Monday, June 18, 2012

The Tsunami of Ponzi Schemes

Madoff is a drop in the bucket.  Even Social Security pales in comparison to what is transpiring before our very own eyes.  It takes no special investigative unit of the government to uncover this massive fraud nor a congressional inquiry to analyze how this could happen.  No, this is the grand daddy of all ponzi schemes and it's in plain sight yet so many continue to play despite all the warnings and the magnitude of the problem. Buyer beware because the time will come when there is not enough to support the bottom rungs of the US debt pyramid and the collapse will be catastrophic.

Think about it! The US continues to sell bonds, notes and t-bills ("treasuries") at an enormous clip building a mountain of debt nearing $16 trillion with no end in sight.  The funds from these treasuries are used to pay-off maturing treasuries keeping those holders happy and satisfied with their return on their investment.  In the meantime, the culprit of this massive fraud continues to sell even more treasuries to splurge on a lavish lifestyle (military, bailouts, social services, massive government, etc.) to which it can ill afford.  Like every ponzi scheme there is no basis for paying back the earlier investors (e.g., sufficient invested capital for which revenues can be generated) other than through the continual flow of funds from new investors.  As long as new investors keep the blinders on this "bonzi" scheme (as I will call it) it can continue to prosper as a "sound investment" but the time will come...
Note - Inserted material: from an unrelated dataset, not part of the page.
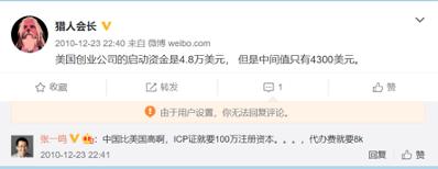 22点41分,张一鸣的评论就出现了:“中国比美国高啊,ICP证就要100万注册资本……代办费就要8k(千)”
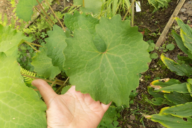 U mnie rosną niejako uwięzione na rabacie dryopterisowej, więc podróżować nie mają gdzie, ale myślę o zabraniu ich z tamtego miejsca, bo już w tym roku paproci niemal nie było widać. Ewcia podniosła kilka postów wyżej problem odpowiedniego stanowiska - jakie moje emekony były i jakie teraz są.... Dla lepszego wyczucia wielkości niektórych liści - takie zdjęcie z początkowych dni września :lol: Chyba wyjątkowo dobrze się czują w tym miejscu - gleba jest stale wilgotna i pochodzi z dna stawu. Podejrzewam, że w takiej, lub podobnej emekony rosną właśnie na naturalnych stanowiskach.

If you're in these, you better get out.  And now is the time!  The 10-year US treasury bond is at an interest rate of 1.6% after hitting an all-time historic low of 1.47% this month.  Keep in mind that treasuries filter everywhere within our society so you better know where your money is and how it's invested.  For example, many mutual funds hold treasuries while they search for new investments consistent with the main objectives of the fund.  Banks hold treasuries while they evaluate the lending potential of new borrowers.  Corporations hold treasuries as they look to obtain nominal returns whilest they pursue their primary mission for their existence.  You may even have some United States Savings Bonds lying around the house from birthdays or Christmas - time to cash those in.  I'd rather be early to the exit like I was in the housing bubble than to be caught in the tsunami of this debt bubble.

Time to learn what's in your investment portfolio and begin to divest yourself of holdings that are exposed to US government debt. The end result of this ponzi scheme will leave investors holding the bag.  There won't even be the satisfaction that the culprit in this case will serve time in prison - they'll be free to do it again!